Protein biomarkers of external root resorption: a new protein extraction protocol. Are we going in the right direction?

OBJECTIVE: The aim of this study is to determine a protocol of gingival crevicular fluid protein extraction used for the first dimension of 2-DE gels. It also aims at conducting a review on the current candidates for protein markers of this pathology, all of which may be used to prevent the disease.
METHODS: Gingival crevicular fluid was collected from two groups of 60 patients each, with and without external root resorption. Samples were extracted by means of various methods of protein extraction. SDS-PAGE gels were used to assess the quality of the method which was subsequently tested during isoelectric focusing of 2-DE gels taken from samples of patients with and without the disease.
RESULTS: Milli-Q ultrapure ice cold water, without precipitation for gingival crevicular fluid protein extraction, proved the method with greatest sharpness to detect protein bands. Additionally, it allowed two-dimensional electrophoresis to be performed.
CONCLUSION: The new protein extraction protocol does not interfere in isoeletric focusing of 2-DE gels. Furthermore, it provides the greatest sharpness in detecting protein bands of SDS-PAGE gels. This will allow mapping and searching of new external root resorption markers, particularly due to the difficulty in carrying out molecular tests with the current candidates for protein markers.

INTRODUCTION

The high prevalence of inflammatory external root resorption (IERR) associated with orthodontic treatment (95 to 100%)1 poses the need to integrate basic research, supported by scientific evidence, with daily clinical practice in order to minimize the biological costs (IERR) of orthodontic treatment itself.

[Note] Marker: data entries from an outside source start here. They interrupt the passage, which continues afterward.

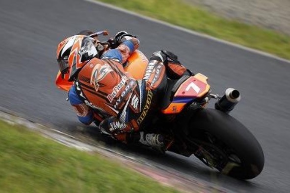 決勝レースは6番グリッドから発信して6番手のまま1コーナーに進入。2周目の裏ストレート後のヘアピンのブレーキングで5番手に浮上しますが、次のコーナーで抜いた選手と接触し7番手に落ちてしまいました。接触した際に左足のブーツのバンドが緩んでしまい、踏ん張るのが困難な状況になりました。またレース序盤からサスセットを詰め切れなかった事によりコーナー中にフロントタイヤがハネてしまい攻めるのも困難な状況でした。その中で何とか誤魔化しながらペースを保ち、限界付近での走りを続け、ラスト5周あたりで前のライダーに追いつきダブルヘアピン1個目の進入のブレーキング勝負で前に出ましたが、フロントがハネてしまい止まりきれず、そこで勝負ありとなり7位でチェッカーを受けました。
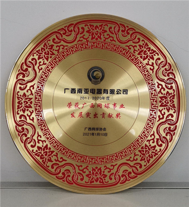 为表彰广西南亚电器有限公司长期为推动广西业余网球事业的发展所作出的贡献,广西网球协会特给广西南亚电器公司颁发了“突出贡献”奖杯。这既是对南亚电器公司长期推动广西网球事业发展所做出的善举的一个肯定,也是对南亚电器公司的一个赞扬。
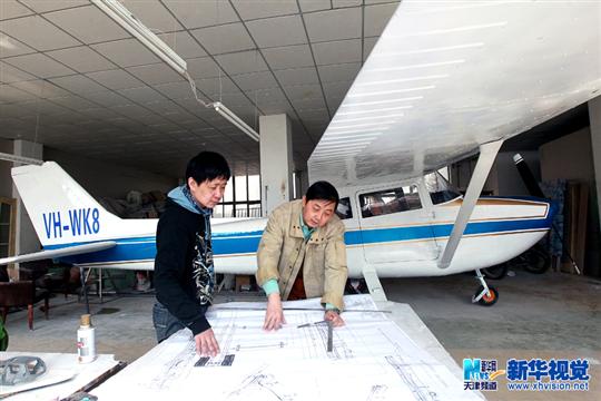 3月20日,模型設(shè)計(jì)家曹珉(右)和李志剛(左)在研究飛機(jī)模型圖紙
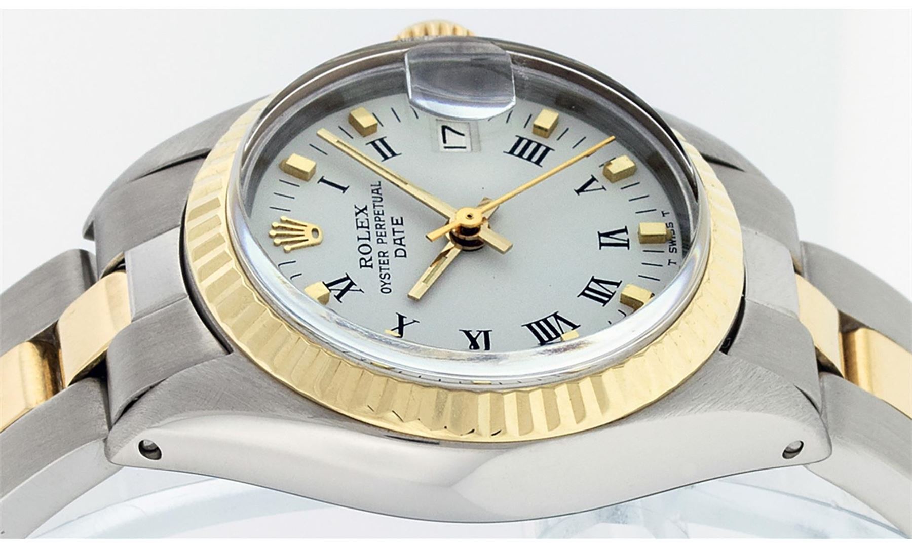 One Ladies Two Tone Rolex Datejust Polished, Serviced & Electronically Tested, Yellow Gold & Stainless Steel Case: 26mm, Yellow Gold Crown, Bezel: Yellow Gold Fluted Bezel. Custom Crystal: New Acrylic Cyclops Lens. Custom Hands: New Luminescent Hands. Movement: Automatic Winding Movement. Custom Dial: White Dial With Dash Track & Lumi Dots. Date Window: 3 O'clock Position Date Display, Model: Datejust. Condition: G-6 Extra Fine. Bracelet: Two Tone Yellow Gold & Stainless Steel Oyster Band. Bright Polish. 6.0 Inch Length, Adjustable. Standard Clasp, With Rolex Logo. This Watch Has Been Serviced Time Tested And Is In Excellent Condition It Is Free Of All Scratches And Dents.
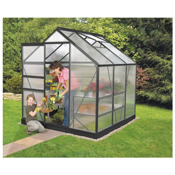 Komplet rastlinjaka iz prašno lakiranih aluminijastih profilov in zasteklitve iz približno 4 mm debelih, UV-stabiliziranih dvostenskih plošč (PC).

The expression of gingival crevicular fluid markers (GCF) is mainly used in Dentistry to estimate the immune response of the host to periodontal disease.2 The potential use of GCF markers proves a non-invasive technique employed to clinically track the activity of osteoclasts, bone remodeling and external root resorption occurring during orthodontic treatment.2

Evans et al 3 demonstrated the presence of gingival crevicular fluid proteins, particularly the dentin matrix protein (DMP-1), in patients undergoing orthodontic treatment. Since then, the study of these proteins has significantly deepened, and research correlating their presence with root resorption has markedly increased.3

Because they are part of the dental tissue, more specifically the dentin, these proteins are not routinely released into periodontal ligament spaces, unless active external root resorption is present.4

The search for IERR markers was intensified by the discovery of dentin-specific proteins (dentin phosphoprotein-DPP and dentin sialoprotein-DSP) which appeared as by-products of root resorption in the gingival crevicular fluid. They were analyzed by enzyme-linked immunosorbent assays (ELISA) by James Mah5 (DPP), and subsequently confirmed (DPP and DSP) by Laura Balducci et al4 by means of one-dimensional electrophoresis (SDS-PAGE), Western blot and ELISA; and Shalene et al 6 (DSP) also by Western blot and ELISA.4 , 5 , 6

In all these researches, protein extraction was performed through sodium phosphate buffer, which hinders visualization of protein bands in SDS-PAGE gel and its later use in proteomic techniques of higher resolution (two-dimensional electrophoresis-2DE) to precisely identify the proteins contained in the samples.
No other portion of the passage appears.